ここまでウルトラクイズを見ると、もう誰しもが贔屓の挑戦者ができているんですよね。その辺にいるただの素人、ただの兄ちゃん姉ちゃんなのにです。たかがと言っては失礼ですが、よくある素人参加型のクイズ番組ですよ。それでここまで素人の参加者に肩入れしてしまう。頑張れと思ってしまう。こんなクイズ番組は古今東西見たことがありません。

 

クイズ研についてぶっちゃけトーク

このウルトラクイズの本編放送後に、毎回30分のウルトラクイズ裏話番組「今だから話せるウルトラクイズ丸秘証言集」を放送しているのですが、ウルトラクイズ好きの間で良く議論になるクイズ研についてかなりぶっちゃけていました。

 

萩原さんのブログでは、決してスタッフはクイズ研を嫌ってはいないと書いているのですが、今回の番組の中では、それとは逆にハッキリと「鬱陶しい」と言っていました。これはどちらが正しいって物でもないんでしょうね。今週の舞台裏でも出てきたように、スタッフ総勢48人いるのですから、全て同じ考えのわけはないですし、そもそも0か100で好きか嫌いの二択ってわけでもないですからね。クイズ研のこの部分は好き、この部分は嫌いなんてスタンスも人として当たり前でしょう。実際小倉さんはクイズ研に対して肯定も否定も両方していました。

 

クイズ研の存在

ここでウルトラクイズでのクイズ研の存在について書いておきたいと思います。

 

このウルトラクイズはクイズの強さや知識量だけが魅力の番組ではなく、それぞれのドラマ性やキャラクター、または旅番組の要素も魅力の重要な要素でした。
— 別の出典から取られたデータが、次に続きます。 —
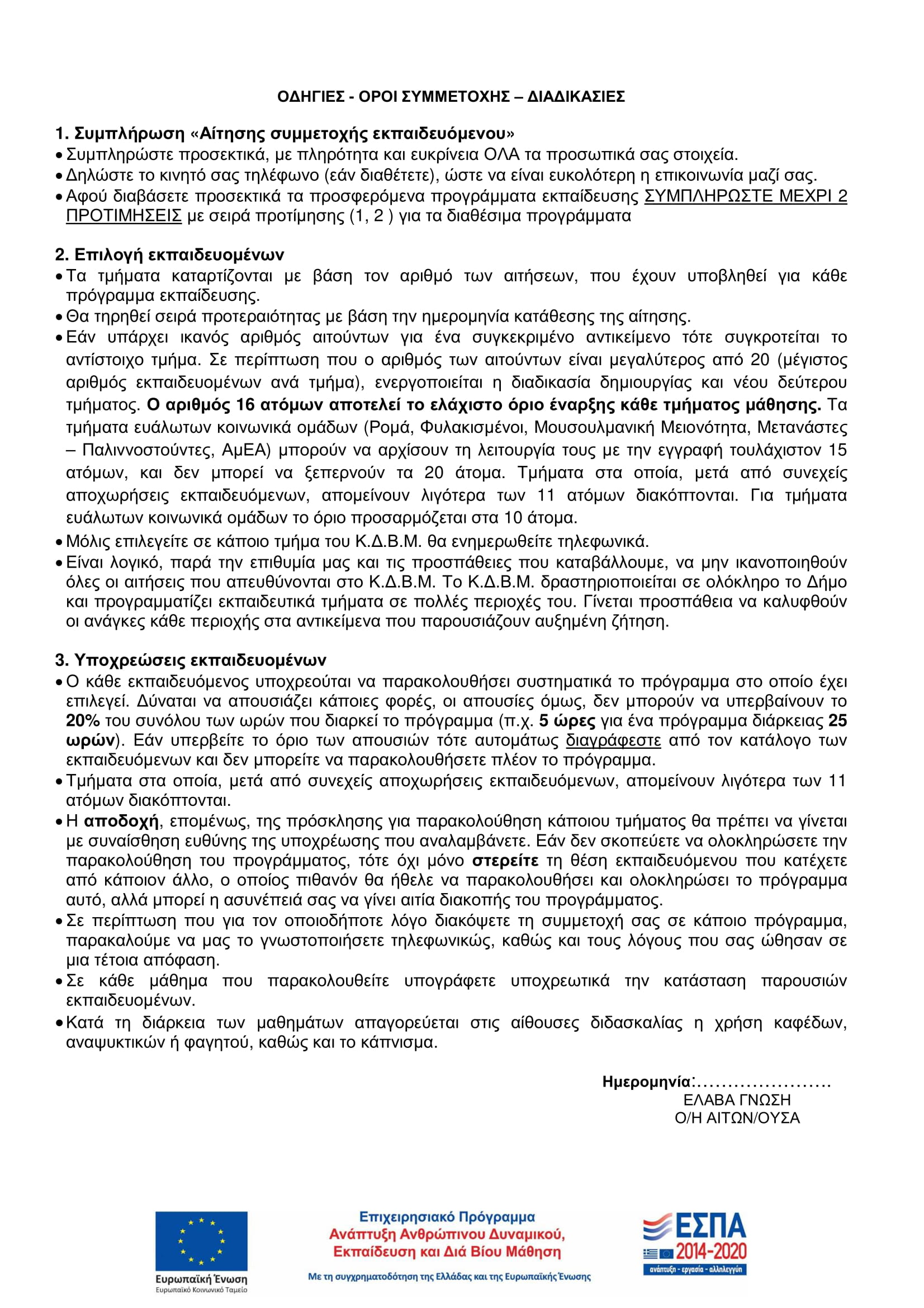 Τα προσφερόμενα προγράμματα μπορούν να παρακολουθήσουν ενήλικες ανεξαρτήτως χώρας καταγωγής, ηλικίας και μόρφωσης, καθώς και μέλη ευάλωτων κοινωνικά ομάδων. Για την ένταξη των ενδιαφερομένων στα τμήματα απαιτείται η συμπλήρωση σχετικής αίτησης με επίδειξη του δελτίου αστυνομικής ταυτότητας ή του διαβατηρίου του υποψήφιου.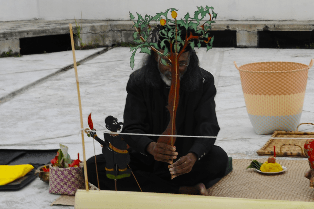 At the height of the performance (see performance notes) the Koboi invokes the spirit of the Pokok Pauh Janggi. He raises the puppet , waves it about, showing only back, and saying-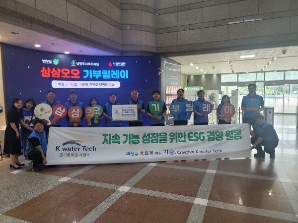 [금요저널] 남양주시 와부읍에 소재한 케이워터기술 경기동북권사업소 직원들은 지난 30일 남양주시복지재단과 함께하는 ‘삼삼오오 기부릴레이’ 30번째 주자로 참여했다.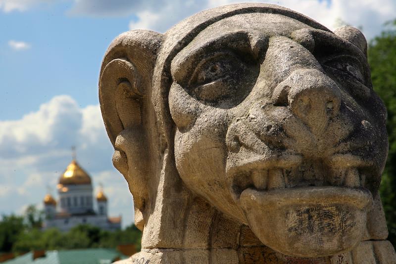 В XIX веке пара львов появилась под стенами Кремля в Александровском саду. Они увенчали грот «Руины», который возвели здесь в память о московских разрушениях во время войны 1812 года.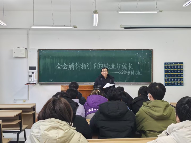 副院长刘少东深入毕业生班级—水利专业1班,围绕“全会精神指引下的就业与成长”开展专题分享。他结合当前就业形势与行业发展趋势,解读了全会提出的“建设现代化产业体系”对人才需求的新变化 ,为毕业生提供职业规划指导与就业信息支持。他勉励毕业生立足专业所长,树立正确就业观,主动对接国家战略需求与市场发展方向,在基层一线、重点领域建功立业,同时表示学院将持续优化就业服务,为毕业生高质量就业保驾护航。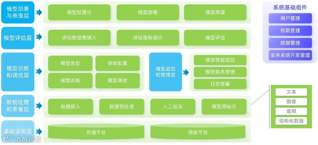 涵盖数据管理、模型训练与优化,为整个架构提供坚实的技术基础,同时软件系统已适配国产化硬件、操作系统以及数据库。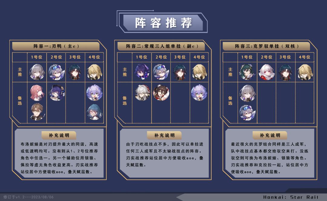 最近很火的克罗组合同样是三人成军,队中战技点基本都交给驭空来打。没练驭空则可换为布洛妮娅、银狼等角色。刃实战推荐和克拉拉一起,站位居中方便吸收aoe,叠天赋层数。

そんなバラエティに富んだウルトラクイズにクイズ研ばかりになったらどうなるか…。単なる知識勝負のごくありふれたクイズ番組になってしまうんですね。

 

ウルトラクイズの参加資格は18歳以上だったので、クイズ研=大学生でした。大学生は基本的に18歳から22歳。浪人や留年を考えても18歳から24歳ってところでしょう。長戸さんがまさにこの時24歳でしたね。大学生であり、年齢も似たような層になり、クイズばかりに強いクイズ研が大勢を占めてしまうと、絵的にもキャラクター的にも似たり寄ったりになってしまい、ウルトラクイズの特徴であるドラマ性や、バラエティに富んだ作りがやりづらくなってしまうんですね。この辺の考え方は、私たち視聴者もスタッフも同じような認識だったみたいです。しかし、だからと言ってクイズ研は悪ではありません。クイズが好きで勉強して練習し、参加資格に合致するクイズ番組に出ているわけですからね。それにクイズ研を締めだしてしまうと、今度はレベルが低くなり、クイズ番組の根本が揺るぎかねないので、この辺の葛藤はあったみたいですね。

 

今週はチェックポイントは3つ

今週行われたチェックポイントはたったの3つでした。1週間で行われるチェックポイントとしては少ないです。いかに一つのチェックポイントに時間をかけたかって事ですね。

 

第13回はウルトラクイズ史上最も激戦と言われているので、このように前半を駆け足で、後半をじっくりゆっくりとの構成にしたんでしょうね。

 

遂に来週は最終週です。ウルトラクイズは1回だけの特番ではなく、4週、5週に渡って番組が続くので、ここまで約1か月世界を駆け巡る冒険を見てきたわけですが、それも遂に最終回です。アニメやドラマでは、最終回は感慨深くなるのが当たり前ですが、素人参加型のクイズ番組で、この最終回の感慨が襲ってくると言うのは実に不思議な感じです。